◆ **WORK REQUIRED**: Without the pictures, extract every line from the start of the material to the line containing "(メガリザードンX メガリザードンY)」 をプレゼントするキャンペーンも開催中です。", both ends included.
::: AVAILABLE DATA :::
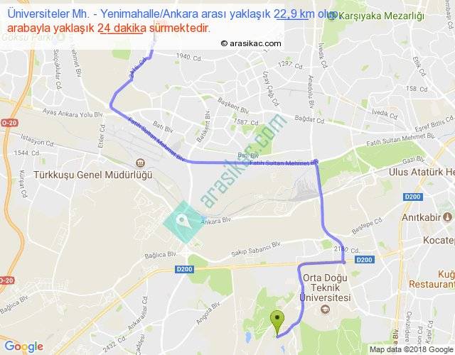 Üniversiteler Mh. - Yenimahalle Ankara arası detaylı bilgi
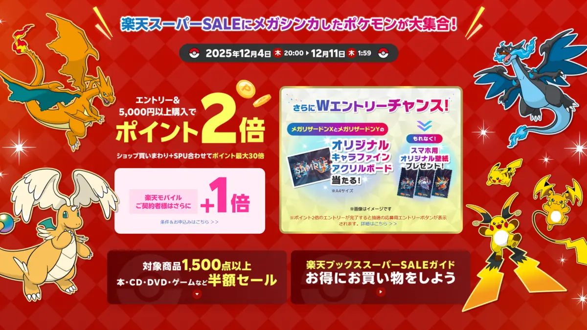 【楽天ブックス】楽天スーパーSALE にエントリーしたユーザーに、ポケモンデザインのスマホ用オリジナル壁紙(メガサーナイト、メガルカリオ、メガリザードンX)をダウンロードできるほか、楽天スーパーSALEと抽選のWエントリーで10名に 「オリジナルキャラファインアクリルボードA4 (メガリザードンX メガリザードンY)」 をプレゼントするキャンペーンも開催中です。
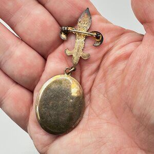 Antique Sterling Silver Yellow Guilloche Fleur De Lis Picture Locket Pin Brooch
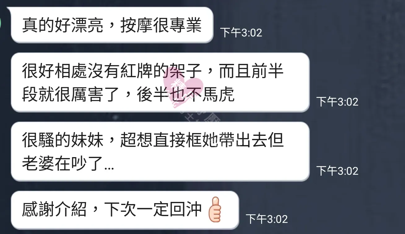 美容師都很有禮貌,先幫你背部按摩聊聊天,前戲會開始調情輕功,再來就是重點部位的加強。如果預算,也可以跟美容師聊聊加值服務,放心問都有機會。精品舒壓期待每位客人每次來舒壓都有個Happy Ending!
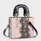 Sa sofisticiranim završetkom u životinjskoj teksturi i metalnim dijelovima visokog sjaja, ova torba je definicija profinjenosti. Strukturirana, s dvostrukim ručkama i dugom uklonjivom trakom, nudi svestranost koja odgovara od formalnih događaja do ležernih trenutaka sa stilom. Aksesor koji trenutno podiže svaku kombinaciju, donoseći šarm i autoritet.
:::
◆ **WRITTEN SOLUTION**:
 Üniversiteler Mh. - Yenimahalle Ankara arası detaylı bilgi
 【楽天ブックス】楽天スーパーSALE にエントリーしたユーザーに、ポケモンデザインのスマホ用オリジナル壁紙(メガサーナイト、メガルカリオ、メガリザードンX)をダウンロードできるほか、楽天スーパーSALEと抽選のWエントリーで10名に 「オリジナルキャラファインアクリルボードA4 (メガリザードンX メガリザードンY)」 をプレゼントするキャンペーンも開催中です。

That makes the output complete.